The lender last week sent out an unexpected warning to 161,000 card users saying that it will end their agreements in 35 days time, because they have a “higher than acceptable risk profile.” The bank is desperate to offload risky borrowers in the wake of the credit crunch, after Citgroup, its parent company, was left exposed to bad debts in the US sub-prime crisis. However Egg is even blocking some borrowers with perfect credit histories from using their cards.
Experts said that the bank, which has 2.3 million card customers, is effectively penalising these borrowers for being good with their money because they are not profitable customers, and said that other banks are likely to follow Egg’s lead.
David Kuo, head of personal finance at Fool.co.uk, the financial website, said: “It is no surprise that they are doing this to good borrowers as well as risky ones. Middle-aged borrowers with good credit histories are in fact most at risk of having their credit cut, because these people are good at managing their money, so the banks do not make any money out of them. We are going to see more and more of this as the credit crunch unfolds. Egg is just one of many.”
In normal market conditions, banks will increase the amount they are willing to lend “good” customers who have excellent credit records and make their repayments on time, but reduce limits to those borrowers that appear to be struggling.

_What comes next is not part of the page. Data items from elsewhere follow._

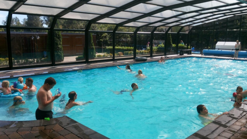Hay una piscina cubierta que está climatizada todo el año y cuyo techo puede abrirse cuando hace buen tiempo. Para niños pequeños y preescolares, hay una piscina exterior separada con un pequeño tobogán que abre de mayo a principios de septiembre. Cuando hace buen tiempo, puedes relajarte en el prado contiguo.
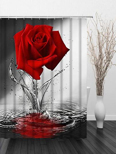 玫瑰印花防水浴簾 - 彩色 - 查看 6
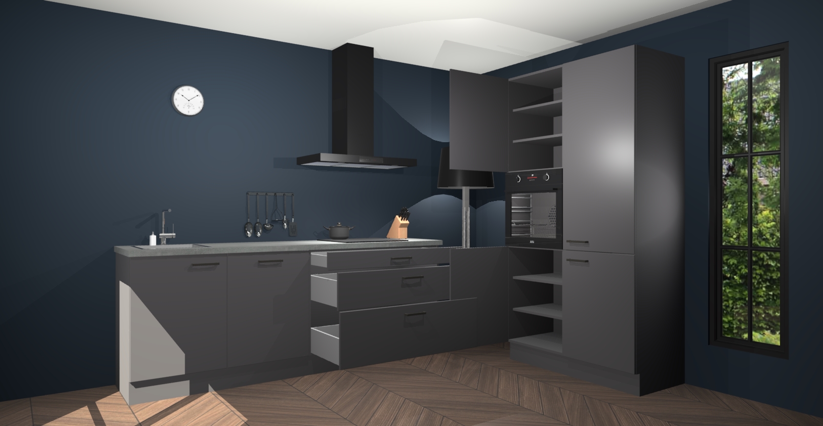 Maak kennis met de buitengewone onyxgrijze keuken Monaco! Als u op zoek bent naar een prachtige toevoeging aan uw huis, denk dan eens aan deze keuken. Met zijn unieke combinatie van onyxgrijstinten biedt hij een warme sfeer die u elke dag welkom heet in uw keuken.
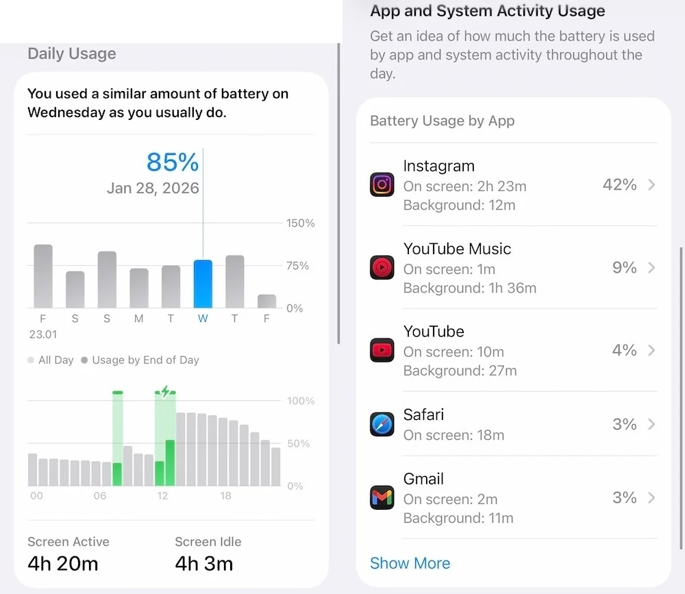 - Среднее время использования экрана при 80%: 4 часа 40 минут
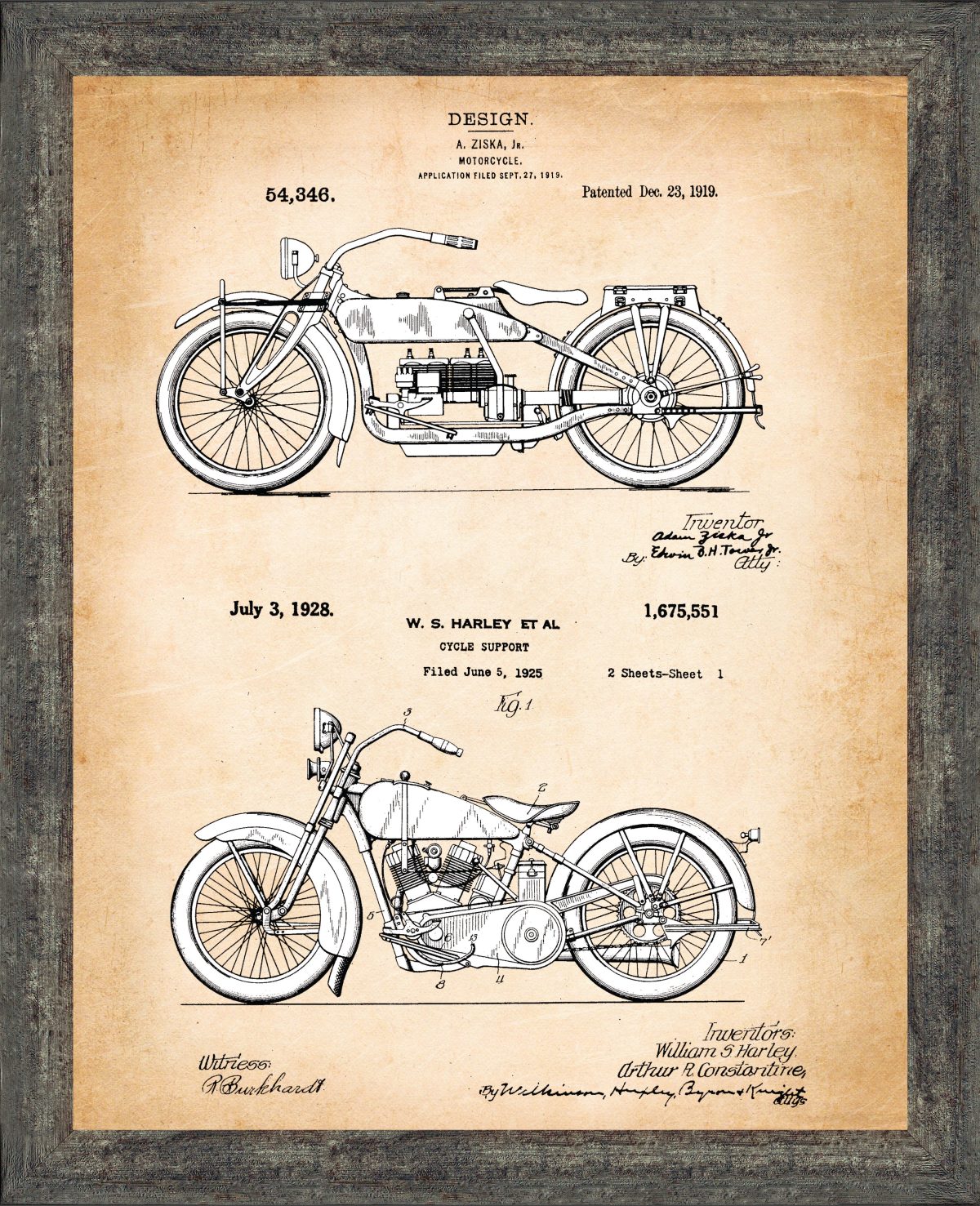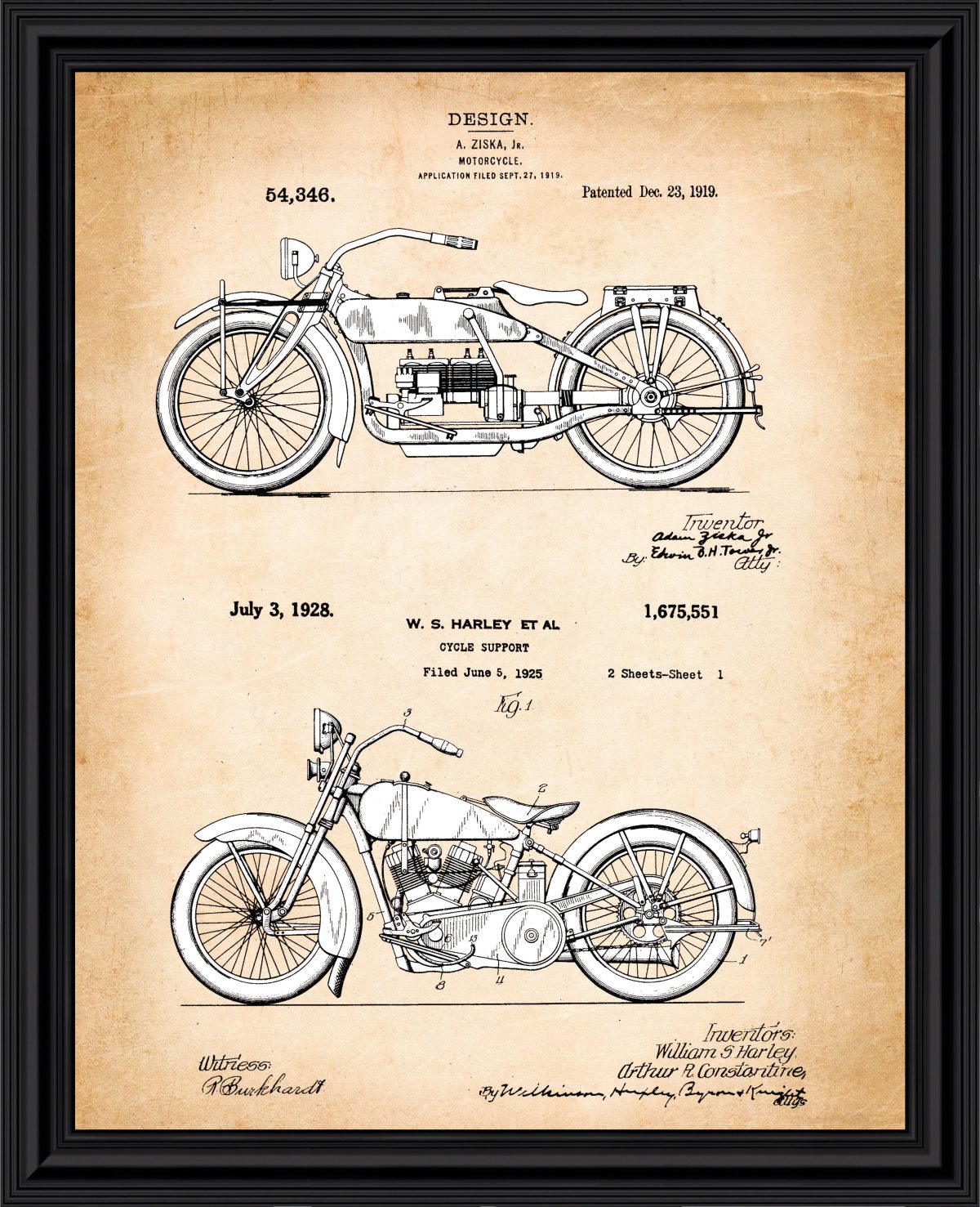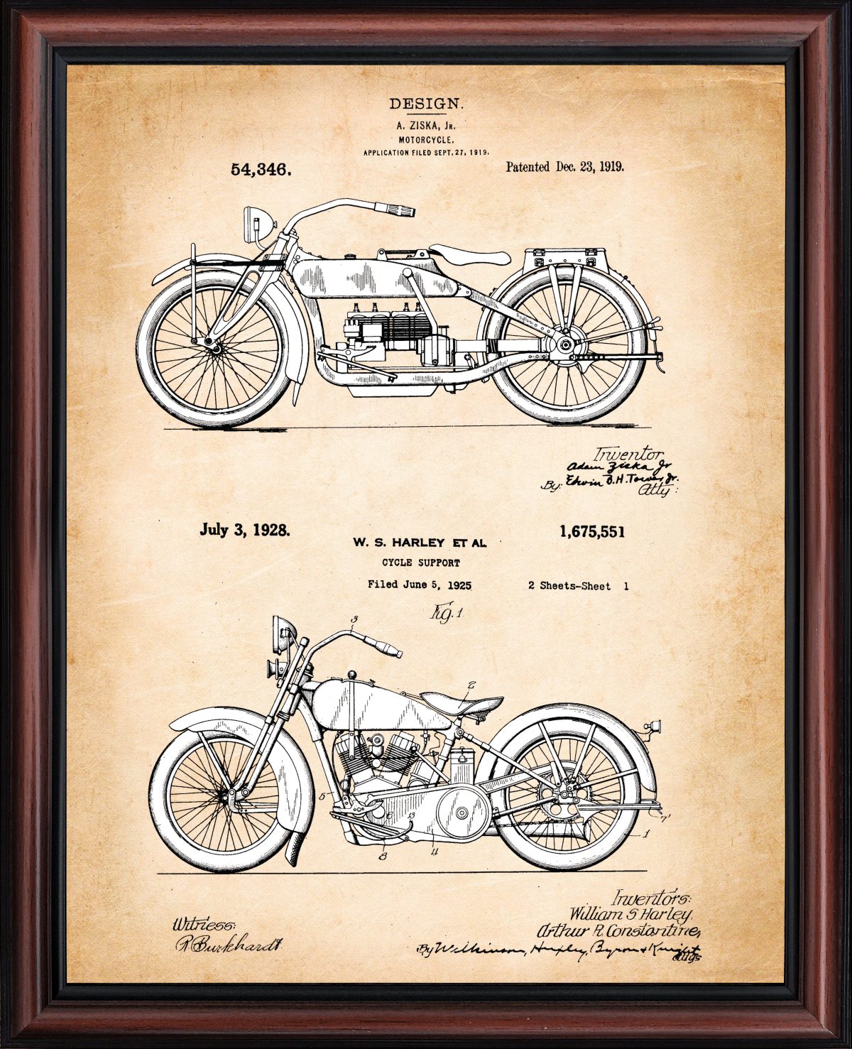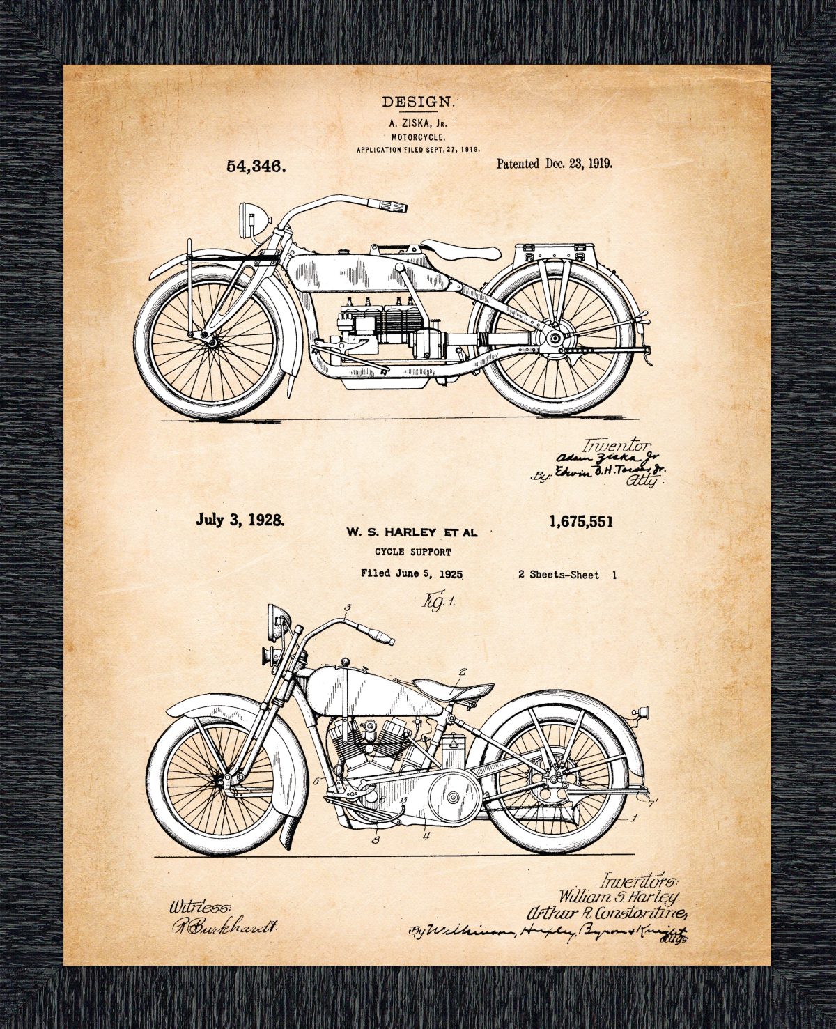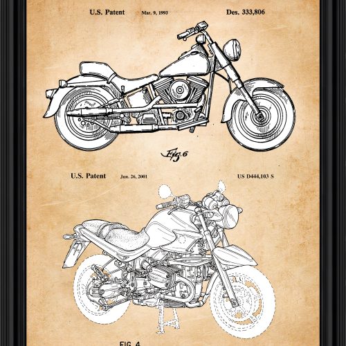 Crossroads Home Decor Harley Davidson Decor Framed Engine and 2006 Framed Motorcycle Patent Print, Unique Harley Davidson Wall Art, Garage Decor, Motorcycle Gifts for Men

However since the last summer’s credit crunch, the logic of lending has been turned on its head.
The move by egg is being seen as part of a wider trend among banks, who are attempting to move their customers away from risky unsecured lending on credit cards and personal loans and towards secured lending on their homes, which is safer for the banks, according to Fool.co.uk.
Customers aged between 34 and 49 years of age are most likely to have their credit limits cut or their cards cancelled altogether, however borrowers younger than 25 who have very little credit history and no property are more likely to have their limits extended, the website found.
Mr Kuo said: “On the one hand, they are slashing credit limits to older consumers who have become accustomed to credit but on the other hand, they are increasing limits for younger consumers at a time when we need to practice greater financial discipline.”
The move comes amid growing concerns that borrowers are losing their grip on their personal finances. Around 5 million have missed a credit card payment in the last six months, according to Moneyexpert.com.
Egg said that those affected will no longer be able to use their cards to make purchases, but can continue repaying their debt as before. A spokesman for the bank said that customers who took out credit cards before Citgroup bought Egg from Prudential in May 2007 are most likely to be affected, as it said the bad debt problems occurred before the takeover.
An egg spokesman has not said how many sensible borrowers will be affected, but said: “Customers affected had a higher than acceptable risk profile. The decision to end these customer agreements was taken after conducting a one-off, extensive risk review of our book, following the acquisition of Egg by Citi in May 2007.”
Steve Willey, head of credit cards at price comparison site moneysupermarket.com, said: "If Citigroup was simply stopping further credit card spending by riskier Egg customers, then it should be applauded. But the customer feedback we have been receiving suggests many people who pay their balance in full every month have been targeted. If Citigroup is using this Egg crackdown as an excuse to get rid of less profitable customers, then that is very disappointing."